A few days ago I received an email from a colleague asking me where he could by gold “lots of it”. This took me back a few years to December 1999. I was working for a stockbroking firm and a friend of mine — who had never owned a share in her life — called me wanting to buy her shares in Iexchange. She had her children’s school fees saved and she was hoping to double her money by January. Three months later the tech bubble burst and the stock market plummeted.
An asset bubble is actually quite easy to spot; it is when people start piling into an asset they have never invested in before simply because they believe it is an opportunity to make a quick buck. The reality is that by the time the average investor has spotted an opportunity, the opportunity is long gone and they simply fall victim to the early adopters who are looking to offload before the crash comes.

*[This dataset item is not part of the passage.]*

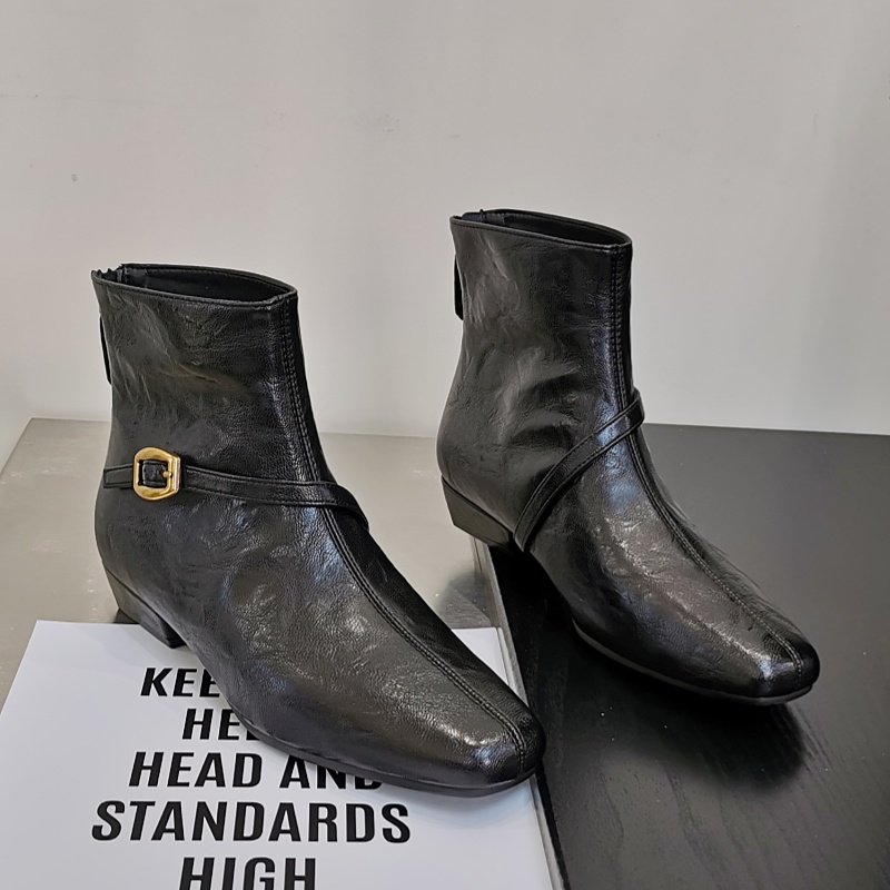 法式气质方头粗跟短靴女2025秋冬新款后拉链显瘦时装靴洋气瘦瘦靴

A sensible investment decision is based on fundamentals, not on a get-rich-quick gamble. In the case of gold, it a safe haven when all goes pear-shaped.
If you were concerned that your investments were at risk and you wanted somewhere safe to put your cash, then gold would have been a good an option.
However if you buy gold because it has rocketed over the last six months and you invest purely on the premise that it will follow the same trajectory, then you have in fact significantly increased the risk of your investment rather than reducing it.
A good rule to remember when investing is that your returns will be a function of what you paid for the asset. The more you pay for it, the lower the future return — the less you pay for it, the higher the chance you will make your money.